Зависть — великий порок. Но Мкиету, знающий жизнь, не сердится на глупого юнца. Ведь и впрямь, никому не дано жить вечно. Вторична Твердь и первична Высь, что бы ни болтали бородачи из полночных болот, и смерть гранит камни для венца жизни… Можно понять Бимбири. А поняв, простить.
Впрочем, двали из Окити-Пупы уже овладел собой. Ие!
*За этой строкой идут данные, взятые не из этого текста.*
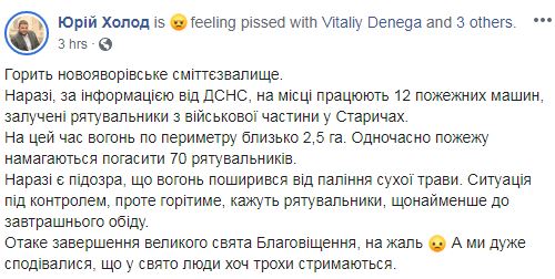 "Ситуация под контролем, но пожарные говорят, что будет гореть как минимум до завтрашнего обеда", – написал Юрий Холод.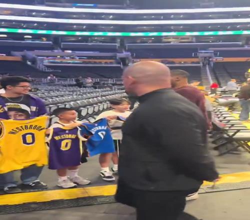 威少给小球迷的球衣签名签了雷霆和火箭的唯独略过了湖人的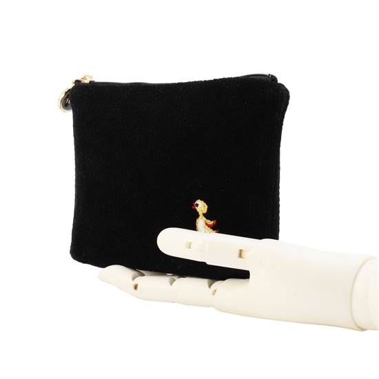 シンプルな黒地に『ハイジ』のアヒルを刺しゅうしたポーチです。毎日の必携品を入れて、コンパクトにまとめるのにぴったりなサイズ感。リップクリームにミラー、常備薬などの小物類を大人っぽく持ち運びいただけます。ハイジ柄のハンカチと組み合わせて、ちょっとしたギフトにもおすすめです。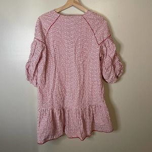 Style: red and white seer sucker striped embroidered midi dress with a V neck and puff half sleeves, bottom ruffle detail, eyelets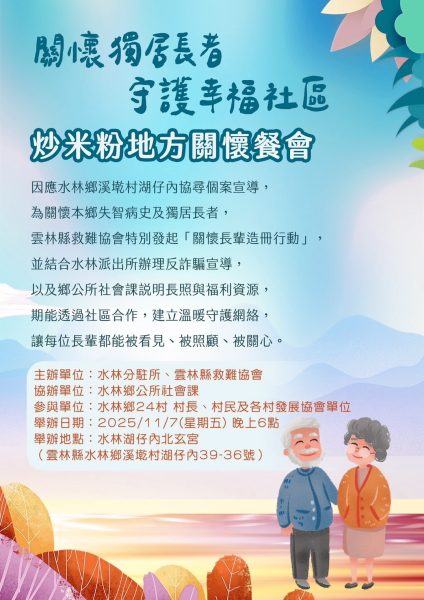 近期長者走失的問題逐漸增加,為了關懷長者並提高社區居民對詐騙風險的警覺,雲林縣警察局北港分局水林聯合所聯合雲林縣救難協會與水林鄉公所社會課,於11月7日晚間在溪墘村湖仔內北玄宮廟埕舉辦了「關懷長輩造冊行動」活動,並結合炒米粉地方關懷餐會。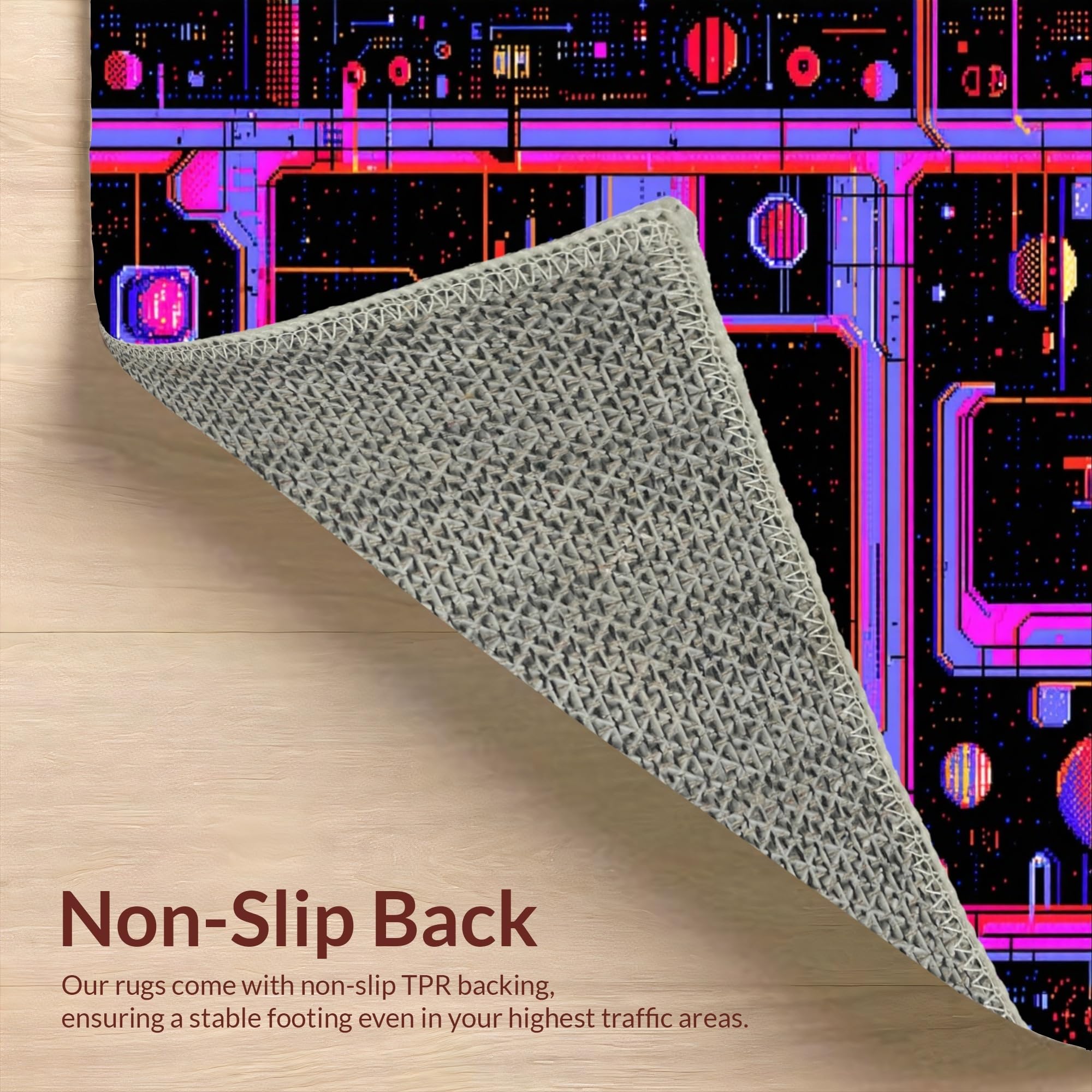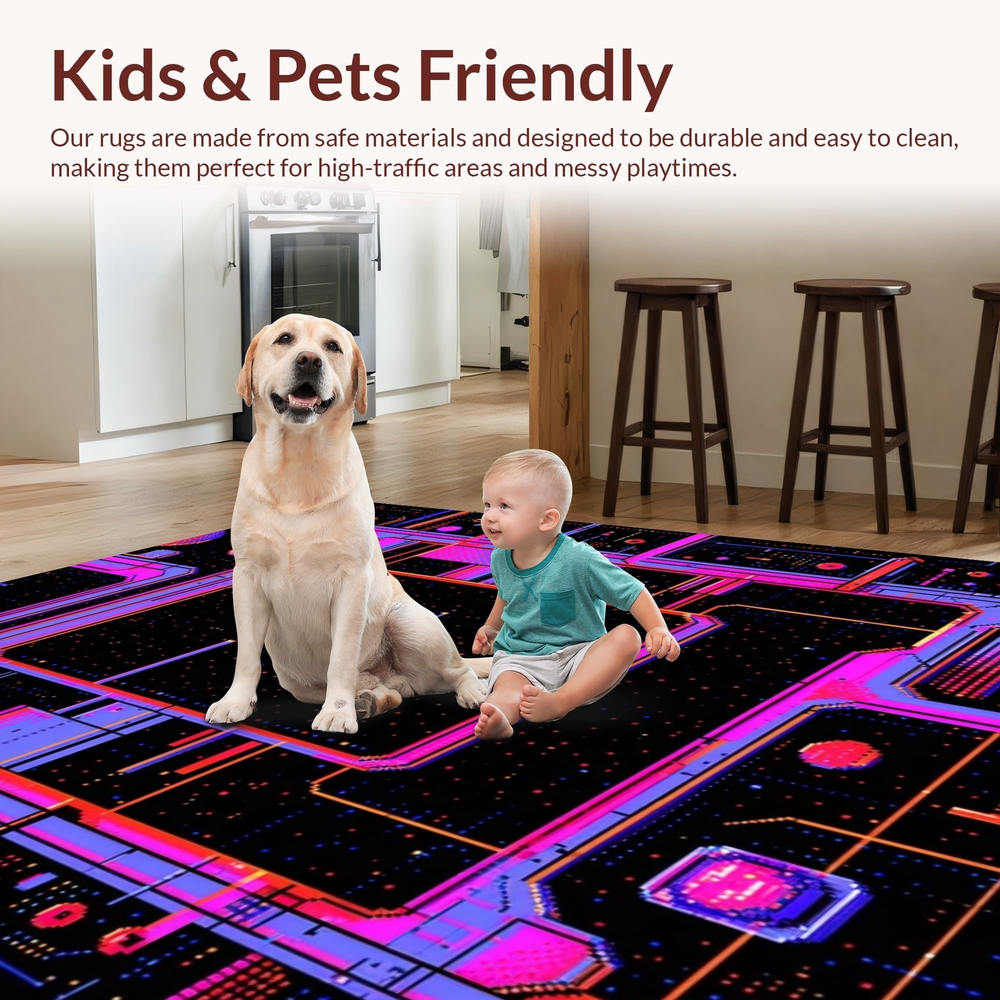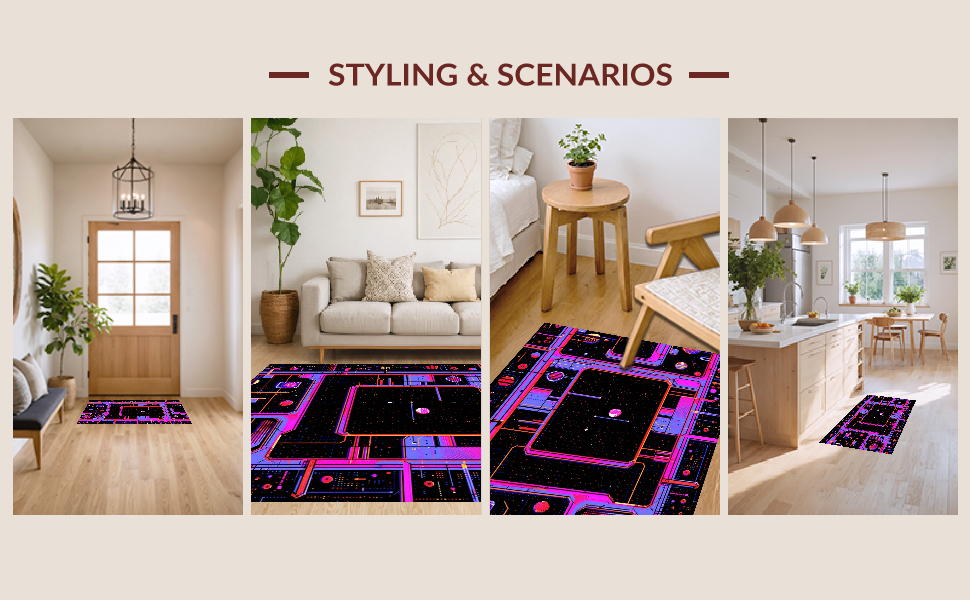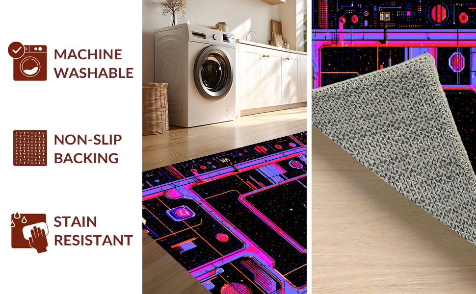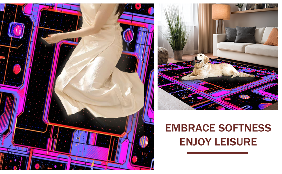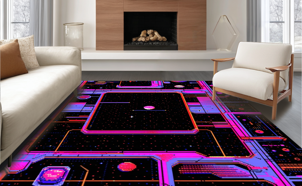 Ultra Soft Area Rug, Non Slip, Stain Resistant, Washable Area Rugs for Living Room, Bedroom, Eclectic Arcade Color Fusion(Black) Overview:

Спору нет, почетно и славно ушел храбрец Барамба, и сложат о нем сказания, и споют песни. Но! Хочется ли Бимбири лежать на траве с разодранным горлом и вырванными очами?
Нет.
Не хочется.
Йе!
Много жарких боев впереди, много славных подарков. Кто знает, быть может, в один из дней он, отважный Бимбири, тоже спасет великого нгуаби? Обязательно спасет! Но, ловкий и шустрый, останется в живых, и сам, своими ушами услышит, как мудрец Мкиету скажет юному воину из Окити-Пупы: Бимбири, ты — дгаабуламанци, ты — гордость людей дгаа…
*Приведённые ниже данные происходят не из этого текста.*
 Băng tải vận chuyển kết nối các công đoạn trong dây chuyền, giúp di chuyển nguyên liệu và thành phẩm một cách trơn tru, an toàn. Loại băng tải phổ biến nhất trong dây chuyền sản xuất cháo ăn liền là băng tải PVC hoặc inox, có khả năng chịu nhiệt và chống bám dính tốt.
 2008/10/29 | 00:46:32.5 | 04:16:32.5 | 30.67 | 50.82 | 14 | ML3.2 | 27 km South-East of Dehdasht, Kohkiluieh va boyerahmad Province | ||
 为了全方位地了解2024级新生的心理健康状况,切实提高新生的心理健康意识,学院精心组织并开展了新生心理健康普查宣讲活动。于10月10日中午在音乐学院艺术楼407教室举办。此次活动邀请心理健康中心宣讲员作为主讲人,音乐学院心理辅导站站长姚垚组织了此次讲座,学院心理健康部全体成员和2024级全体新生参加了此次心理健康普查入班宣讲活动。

А бумиановая роща уже гудит возбужденными голосами.
Воины укладывают тела старого леопарда и юного Барамбы на скрещенные копья. Так положено провожать героев. А сержант H'xapo, исподлобья взглянув на Дмитрия, вскидывает плеть и семью гибкими хвостами крест-накрест перепоясывает Мтунглу.
Это несправедливо. Человек-тень нынче дважды спас бесценную жизнь дгаангуаби. Его не в чем упрекнуть. Но вожди неприкосновенны. А сержант в гневе. И Мтунглу снова и снова принимает удары, заслуженные Пришедшим-со-Звездой…
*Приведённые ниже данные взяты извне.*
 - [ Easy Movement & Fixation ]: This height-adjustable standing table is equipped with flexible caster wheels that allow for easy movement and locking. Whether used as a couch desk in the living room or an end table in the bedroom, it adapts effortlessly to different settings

Впрочем, тень не чувствует боли.
Первой вражеской кровью умылся ныне Мтунглу, и три роговые чешуйки отпали сразу, а остальные свербят и зудят на оживающем теле…
Бей, бей еще и еще, доблестный H'xapo!
Но семихвостка свивается вокруг мощного запястья.
— Мы победили, тхаонги, — говорит Убийца Леопардов.
Дмитрий поднимается на ноги.
Надо бы ликовать. Но вместо радости — злость и обида. Он не оправдал доверия. Он опозорился.
Чего стоит командир, в разгар битвы таскающий кошку за хвост? За этакое из Академии отчислили бы в момент…
Но мудрый мвамби полагает иначе.
Как бы то ни было, Пришедшего-со-Звездой народу дгаа заменить некем. Так пусть же юные воины знают: первая победа принадлежит ему. Пускай верят: нет невозможного для великого, смело ухватившего за хвост самого Хозяина Сельвы…
— Ты победил, нгуаби, — поправляет сержанта Мкиету.
— Ты победил, — соглашается сержант.
— Хэйо! — единым дыханием выкрикивают двали. Дмитрий склоняет голову. Он не дурак. Он понял.
— Да. Я победил.
И, приложив ладонь ко лбу, добавляет:
— По воле Тха-Онгуа!
Котлово-Зайцево. 11 мая 2383 года.
(О причинах пребывания Кристофера Руби на Валькирии, его непростых отношениях с Нюнечкой, славном боевом пути подполковника Эжена-Виктора Харитонидиса, а также о сером берете, который не просто серый берет, и пегой свинке подробно рассказано в романе «Сельва не любит чужих»)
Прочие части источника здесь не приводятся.